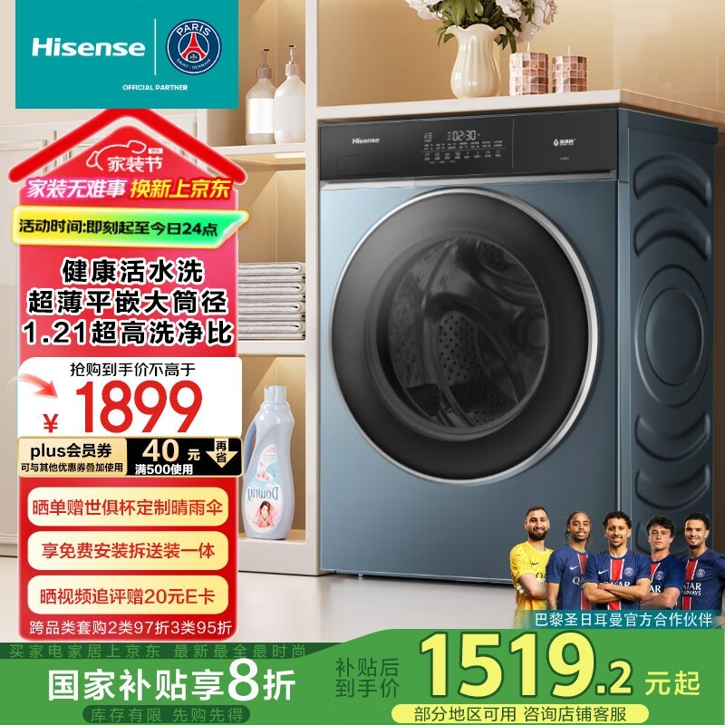 海信滚筒洗衣机HG10IE2全自动10公斤京东促销仅1110元
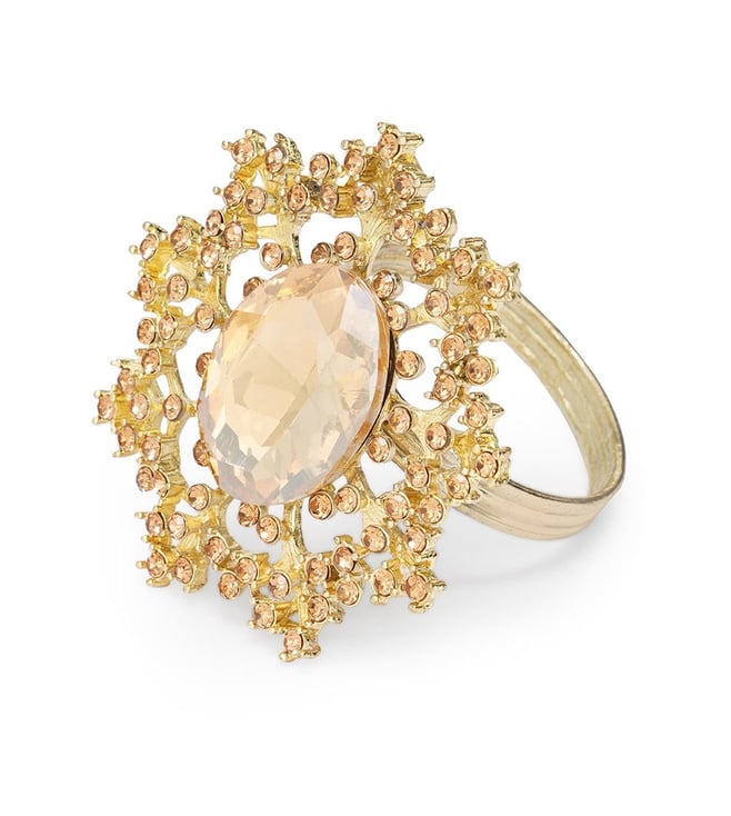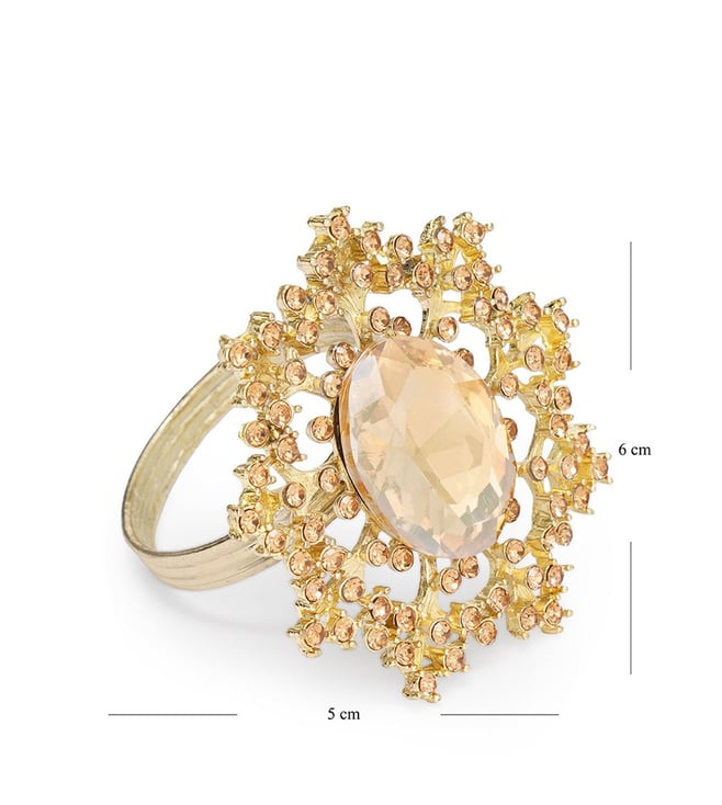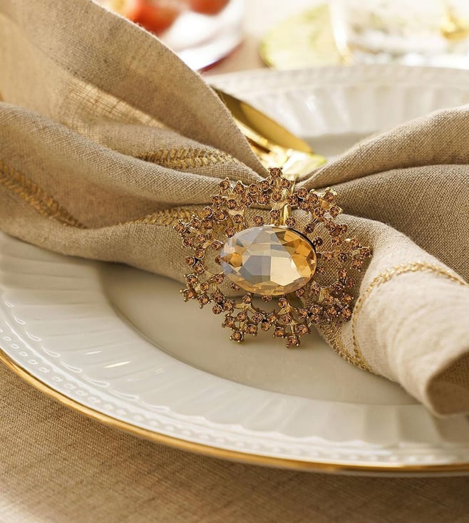 Add a touch of elegance to your dining experience with Pure Home and Living's Gold Brass Embellished Napkin Rings. Made of high-quality brass, zinc, and crystal materials, perfect for any occasion.' Disclaimer: All other items in the image are only for display purposes and will not be a part of the delivery content. Product colour may slightly vary due to photographic lighting sources. Country of Origin - India.
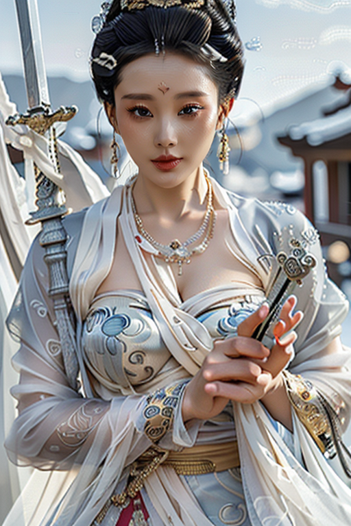 CR1.3,(flirtatious ,seductive:1.4),(RAW photo:1.2),(photorealistic:1.6),(lens 135mm,f1.8:1.2),(ultimate quality, masterpiece:1.3),(intricate details:1.2),(detailed face:1.2),dramatic,ray tracing,fashion photograph,<lora:goodhands_Beta_Gtonero:0.5:lbw=HAND>,good hands,Fixhand,fFaceDetail,Full body,Sharp focus,cinematic lighting, <lora:dunhuangV3:1:lbw=CLOTHING>,(floating clothes,thighs,dunhuang cloths,hanfu,waist cape,strapless,navel,robe:1.2), <lora:æä¸æ¡girlslike_lyt25:0.8:lbw=FACE>,, <lora:UnlimitedBladeWorks1.6-Lycoris:0.5:lbw=ACT>,Unlimited Blade Works,holding weapon,<lora:ChineseweaponsV2:0.3>,å,ä¸å½å µå¨, <lora:Yanxin_ Swordswoman:0.8:lbw=ACT>,swordswoman,(holding sword,sword, fighting stance:1.6),, (1girl,solo,outdoors,war castle:1.6),confident smile,beautful face,<lora:PerfectBreastsV4-offset:0.5:lbw=BODY>,(large breasts, narrow waist:1.2),sexy body,perfect body,shiny hairs,<lora:zanhua_v1:0.65>,zanhua,hair ornament,earrings,necklace,jewelry, (anatomically correct hands,anatomically correct feet,anatomically correct body:1.6),
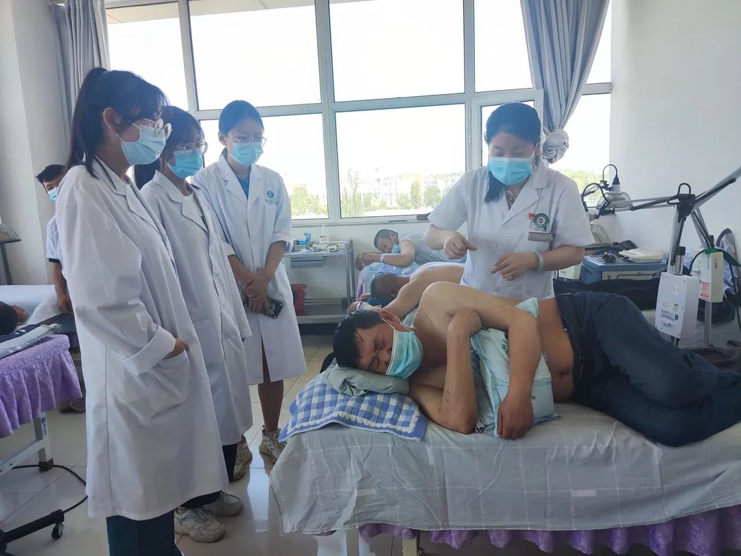 6月25日在郭斌老师的带领下到达医院,随后学生迅速被分配在针灸室、推拿室、门诊室,进入科室轮转见习,实地了解基层医疗现状。第二天义诊团集体前往贺兰县稻渔空间参加“美丽乡村集市”活动,体验乡村生活,感受社会主义新农村的风貌与成果。随后3天在初步认识了解医院情况后,跟随带教老师白帅等人开始跟诊学习,包括针灸、推拿、门诊以及微创治疗等。闲暇时老师们也给学生教授刮痧、拔罐以及针灸的相关知识,警示当下好好学习的重要性。活动的最后,学生们组织进行急救知识宣讲,包括心肺复苏及海姆立克急救法,同时也开展了太极拳和八段锦等养生功法的宣传与演练。
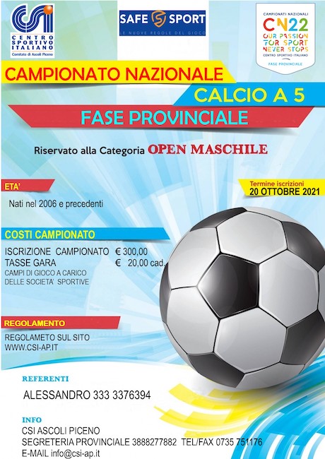 ASCOLI PICENO – Sono ufficialmente aperte le iscrizioni al campionato open di calcio a 5 del Centro Sportivo Italiano del comitato provinciale di Ascoli Piceno, presieduto da Antonio Benigni.
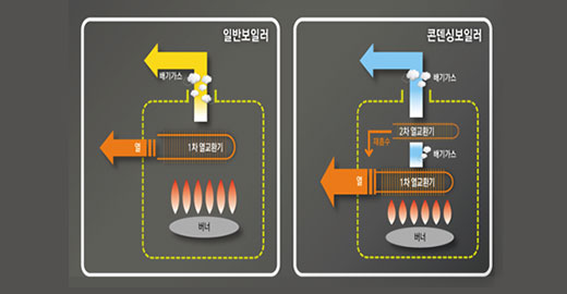 - 보일러 연소 시 발생한 배기 가스의 버려지는 열을
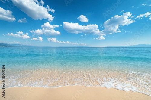 © amine, Fototapeta premium Serene sandy beach with blue waves under a bright sky.
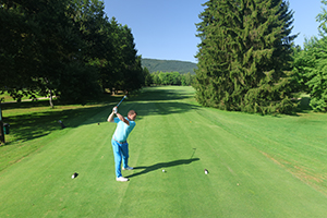 Precioso par 3 en bajada. La belleza del entorno oculta la verdadera dificultad de este hoyo. Salida entre árboles que requiere un certero golpe de salida a un green protegido por un bunker y sobre todo un lago en la parte izquierda. Green en dos plataformas, siendo la situada en la parte alta done las posiciones de bandera son más difíciles.
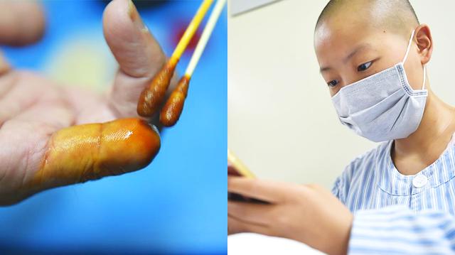 “我住不起医院啊!那是我女儿的救命钱!”正值中年的韩红新父母年迈多病,孩子们也都在上学的年纪,经济压力巨大。当得知接指手术需要两万多元时,他果断选择了放弃,身旁的妻子抹着眼泪却不敢阻止丈夫的决定。怕给女儿增加心理负担的韩红新,总是躲在另一个屋子。直到伤口好些之后,才轻描淡写地告诉女儿,自己的手只是碰了一下。
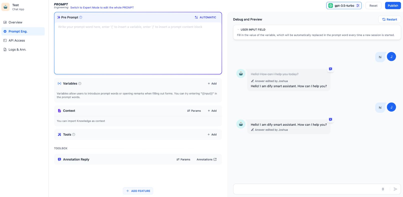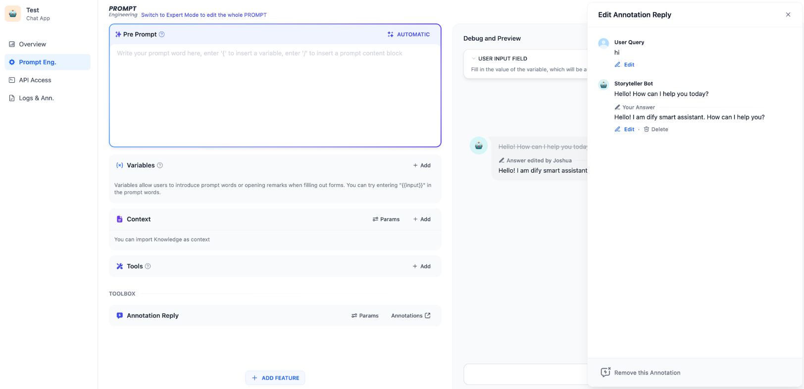 Các chú thích có thể được thêm hoặc chỉnh sửa trực tiếp trên các phản hồi của mô hình trong giao diện gỡ lỗi và xem trước.
· · · ·
#### [Goal of the exercise]
With the pictures left out, return all the material above exactly.

#### [Reply]
 海信滚筒洗衣机HG10IE2全自动10公斤京东促销仅1110元
 Add a touch of elegance to your dining experience with Pure Home and Living's Gold Brass Embellished Napkin Rings. Made of high-quality brass, zinc, and crystal materials, perfect for any occasion.' Disclaimer: All other items in the image are only for display purposes and will not be a part of the delivery content. Product colour may slightly vary due to photographic lighting sources. Country of Origin - India.
 CR1.3,(flirtatious ,seductive:1.4),(RAW photo:1.2),(photorealistic:1.6),(lens 135mm,f1.8:1.2),(ultimate quality, masterpiece:1.3),(intricate details:1.2),(detailed face:1.2),dramatic,ray tracing,fashion photograph,<lora:goodhands_Beta_Gtonero:0.5:lbw=HAND>,good hands,Fixhand,fFaceDetail,Full body,Sharp focus,cinematic lighting, <lora:dunhuangV3:1:lbw=CLOTHING>,(floating clothes,thighs,dunhuang cloths,hanfu,waist cape,strapless,navel,robe:1.2), <lora:æä¸æ¡girlslike_lyt25:0.8:lbw=FACE>,, <lora:UnlimitedBladeWorks1.6-Lycoris:0.5:lbw=ACT>,Unlimited Blade Works,holding weapon,<lora:ChineseweaponsV2:0.3>,å,ä¸å½å µå¨, <lora:Yanxin_ Swordswoman:0.8:lbw=ACT>,swordswoman,(holding sword,sword, fighting stance:1.6),, (1girl,solo,outdoors,war castle:1.6),confident smile,beautful face,<lora:PerfectBreastsV4-offset:0.5:lbw=BODY>,(large breasts, narrow waist:1.2),sexy body,perfect body,shiny hairs,<lora:zanhua_v1:0.65>,zanhua,hair ornament,earrings,necklace,jewelry, (anatomically correct hands,anatomically correct feet,anatomically correct body:1.6),
 6月25日在郭斌老师的带领下到达医院,随后学生迅速被分配在针灸室、推拿室、门诊室,进入科室轮转见习,实地了解基层医疗现状。第二天义诊团集体前往贺兰县稻渔空间参加“美丽乡村集市”活动,体验乡村生活,感受社会主义新农村的风貌与成果。随后3天在初步认识了解医院情况后,跟随带教老师白帅等人开始跟诊学习,包括针灸、推拿、门诊以及微创治疗等。闲暇时老师们也给学生教授刮痧、拔罐以及针灸的相关知识,警示当下好好学习的重要性。活动的最后,学生们组织进行急救知识宣讲,包括心肺复苏及海姆立克急救法,同时也开展了太极拳和八段锦等养生功法的宣传与演练。
 ASCOLI PICENO – Sono ufficialmente aperte le iscrizioni al campionato open di calcio a 5 del Centro Sportivo Italiano del comitato provinciale di Ascoli Piceno, presieduto da Antonio Benigni.
 - 보일러 연소 시 발생한 배기 가스의 버려지는 열을
 © amine, Fototapeta premium Serene sandy beach with blue waves under a bright sky.
 Precioso par 3 en bajada. La belleza del entorno oculta la verdadera dificultad de este hoyo. Salida entre árboles que requiere un certero golpe de salida a un green protegido por un bunker y sobre todo un lago en la parte izquierda. Green en dos plataformas, siendo la situada en la parte alta done las posiciones de bandera son más difíciles.
 “我住不起医院啊!那是我女儿的救命钱!”正值中年的韩红新父母年迈多病,孩子们也都在上学的年纪,经济压力巨大。当得知接指手术需要两万多元时,他果断选择了放弃,身旁的妻子抹着眼泪却不敢阻止丈夫的决定。怕给女儿增加心理负担的韩红新,总是躲在另一个屋子。直到伤口好些之后,才轻描淡写地告诉女儿,自己的手只是碰了一下。
 Các chú thích có thể được thêm hoặc chỉnh sửa trực tiếp trên các phản hồi của mô hình trong giao diện gỡ lỗi và xem trước.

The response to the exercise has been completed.